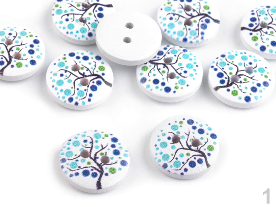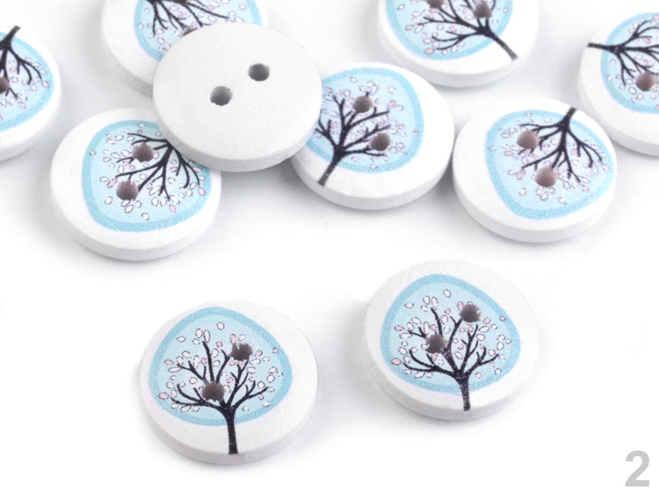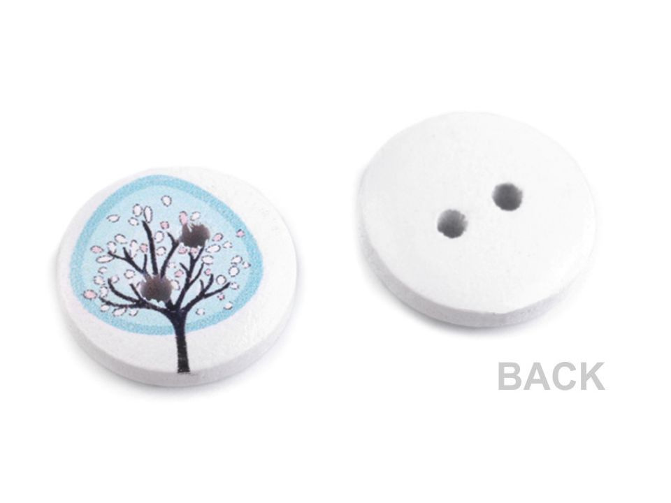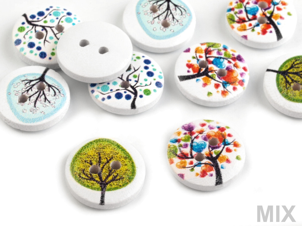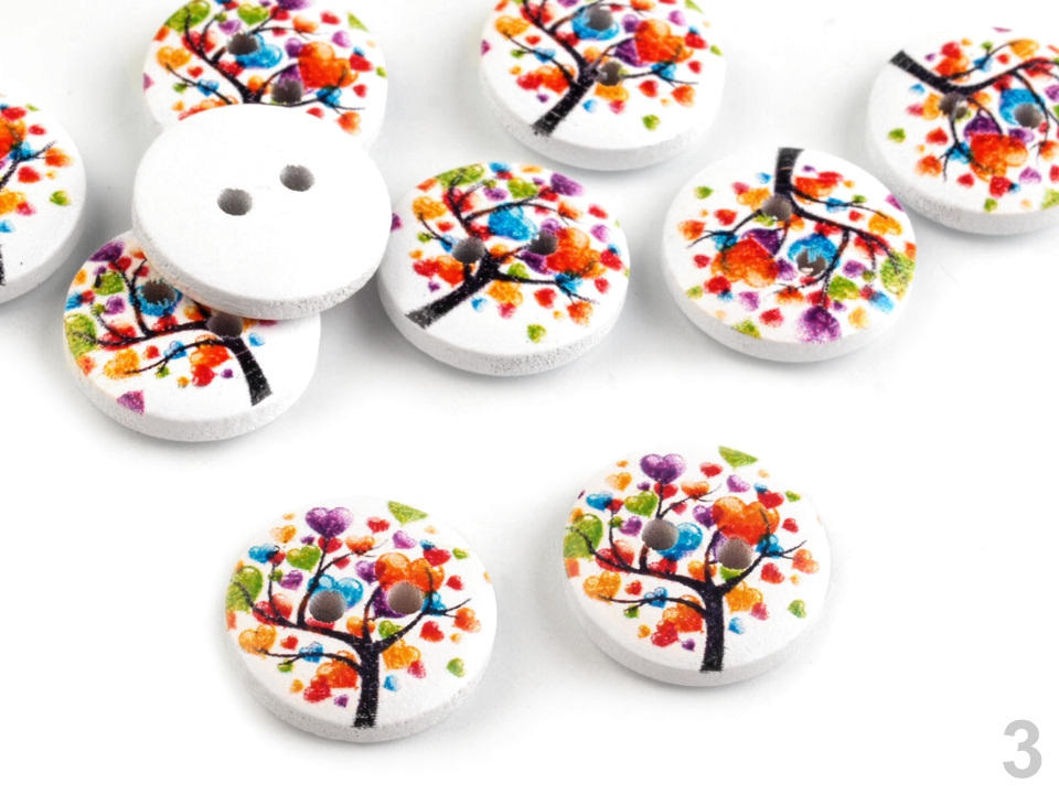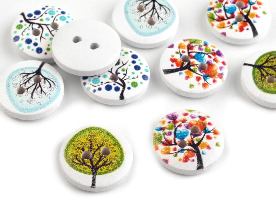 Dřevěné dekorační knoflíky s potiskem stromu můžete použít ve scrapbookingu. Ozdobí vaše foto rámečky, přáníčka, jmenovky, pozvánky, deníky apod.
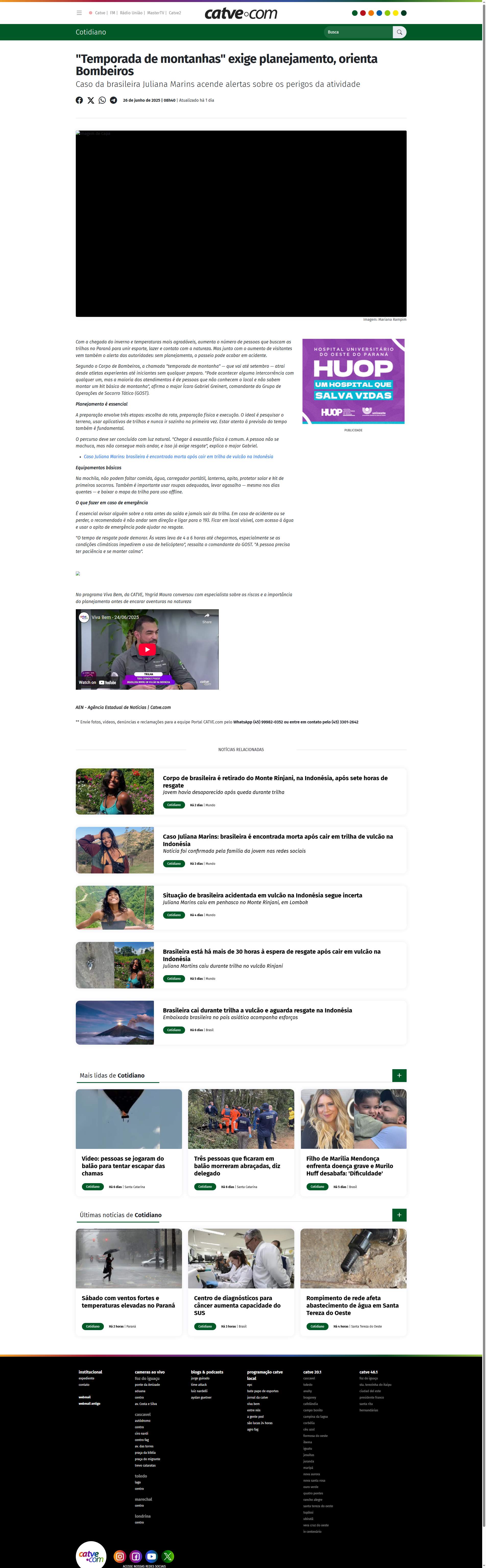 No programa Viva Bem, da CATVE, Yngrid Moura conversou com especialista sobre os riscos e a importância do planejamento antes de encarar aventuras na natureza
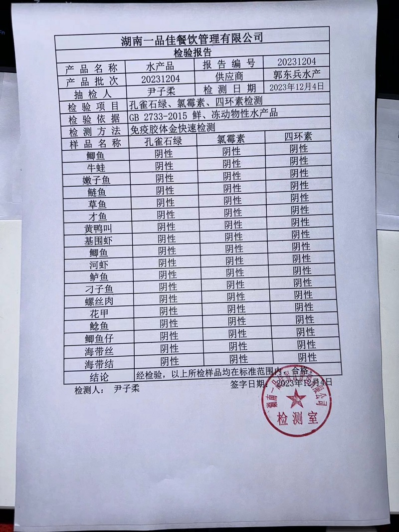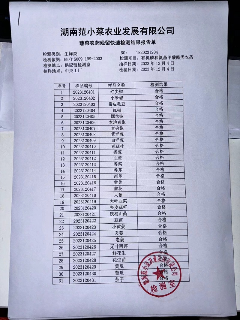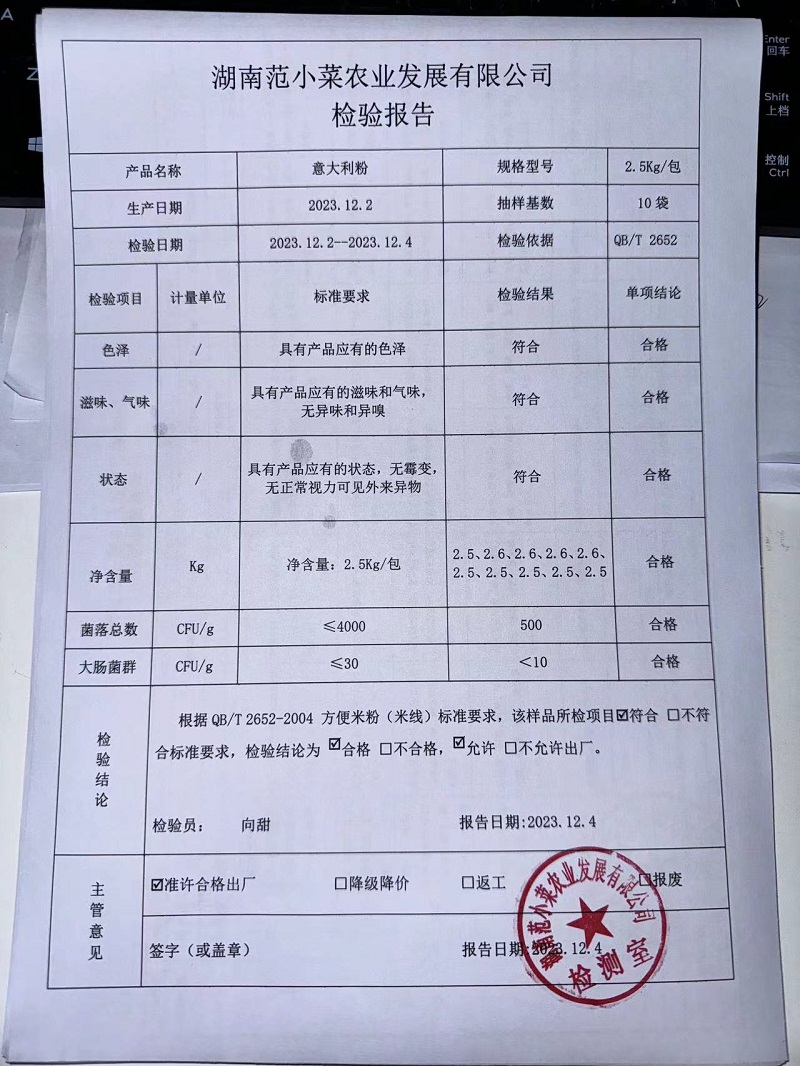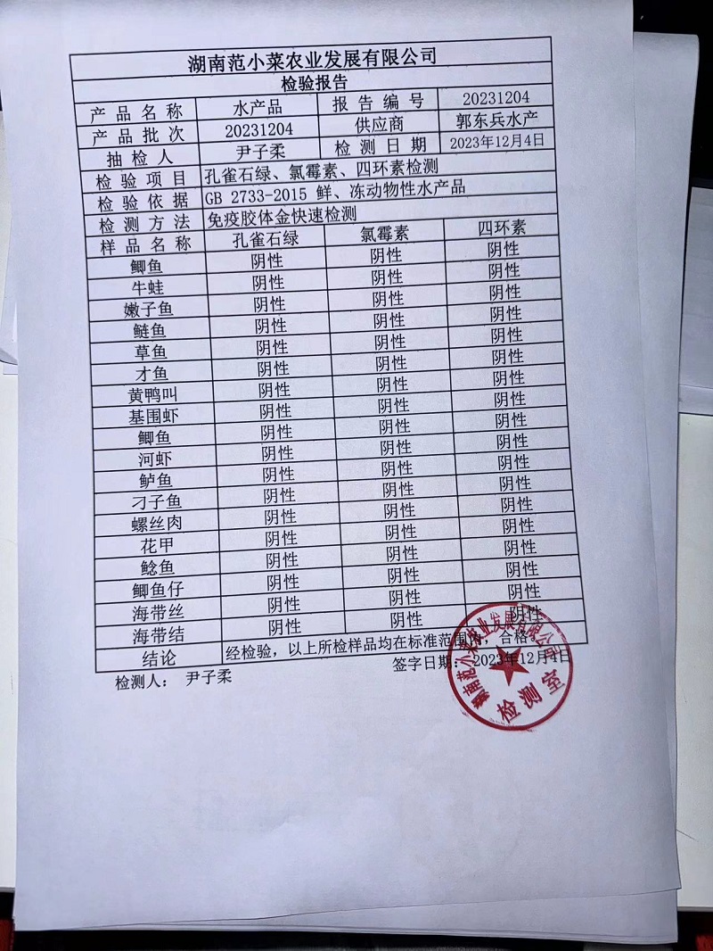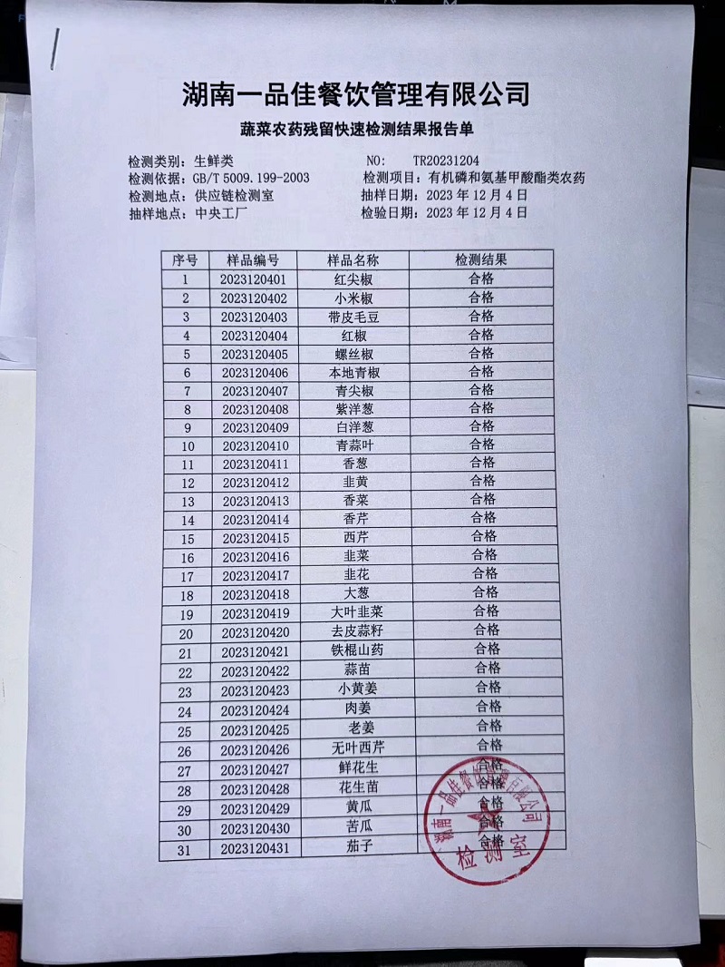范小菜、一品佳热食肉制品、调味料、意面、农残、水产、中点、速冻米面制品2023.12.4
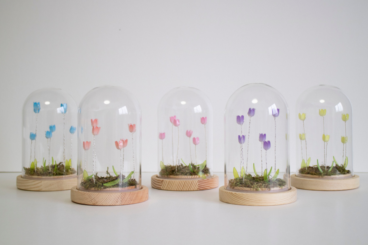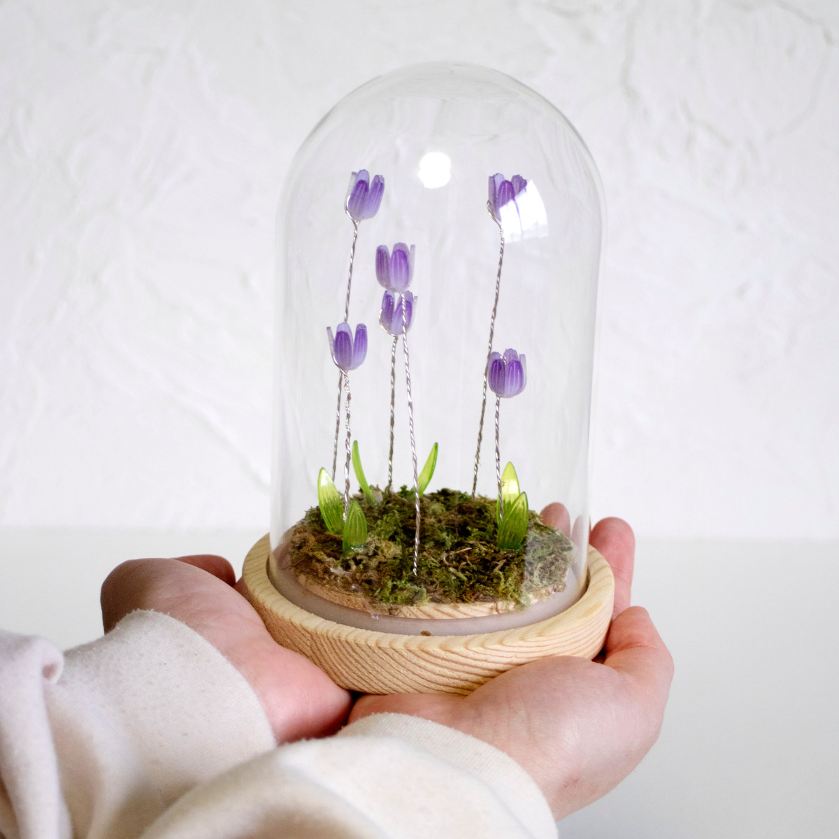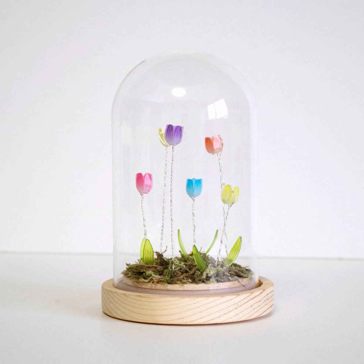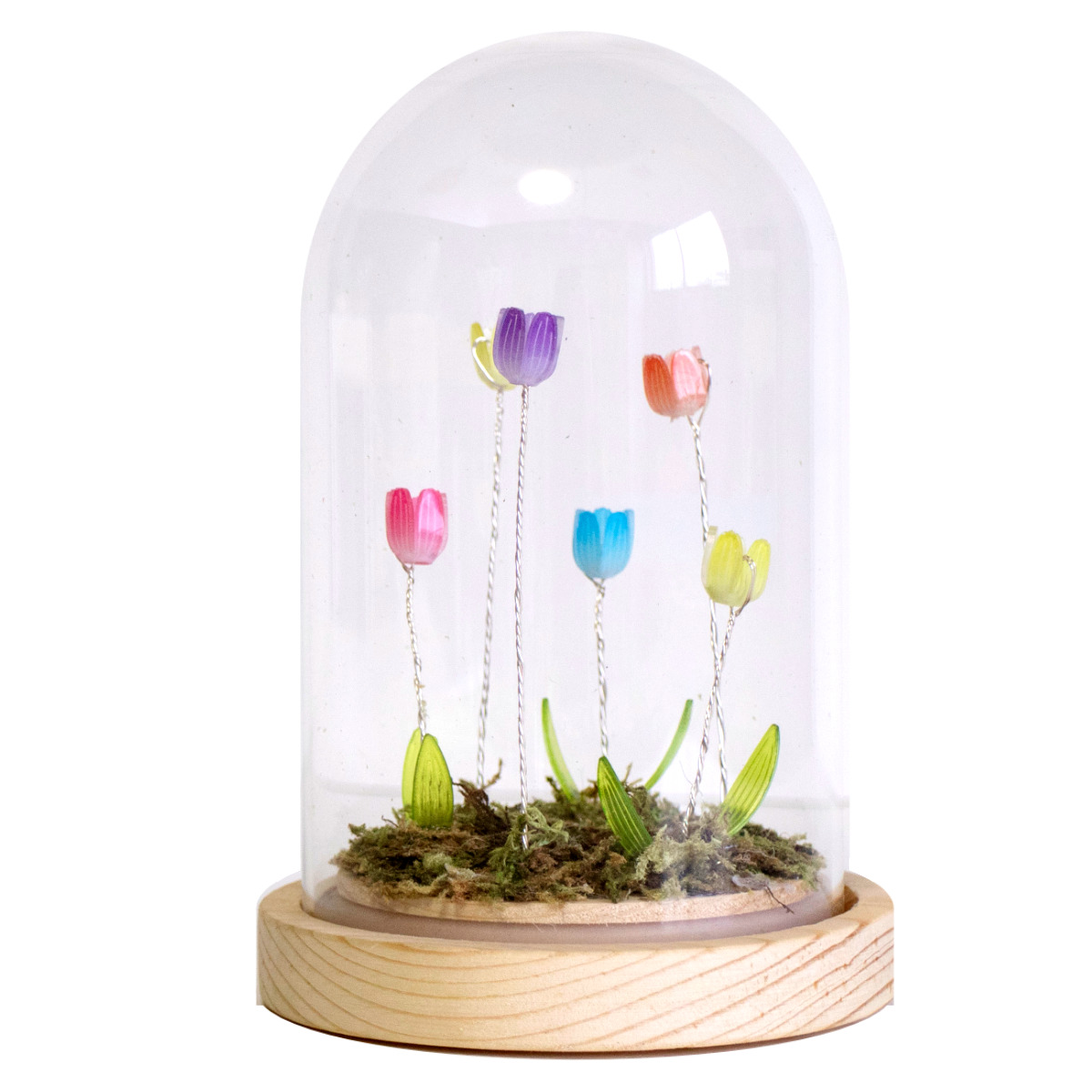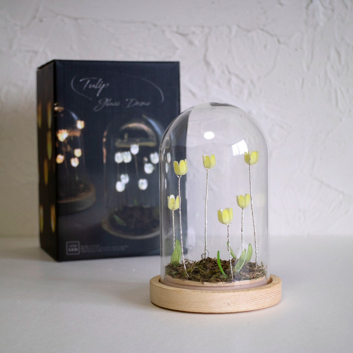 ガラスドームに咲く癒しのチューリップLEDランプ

• • •

= Exercise instructions =
The answer must be the full listing above, copied exactly, with no pictures in it.

= Solution to this problem =
 Dřevěné dekorační knoflíky s potiskem stromu můžete použít ve scrapbookingu. Ozdobí vaše foto rámečky, přáníčka, jmenovky, pozvánky, deníky apod.
 No programa Viva Bem, da CATVE, Yngrid Moura conversou com especialista sobre os riscos e a importância do planejamento antes de encarar aventuras na natureza
范小菜、一品佳热食肉制品、调味料、意面、农残、水产、中点、速冻米面制品2023.12.4
 ガラスドームに咲く癒しのチューリップLEDランプ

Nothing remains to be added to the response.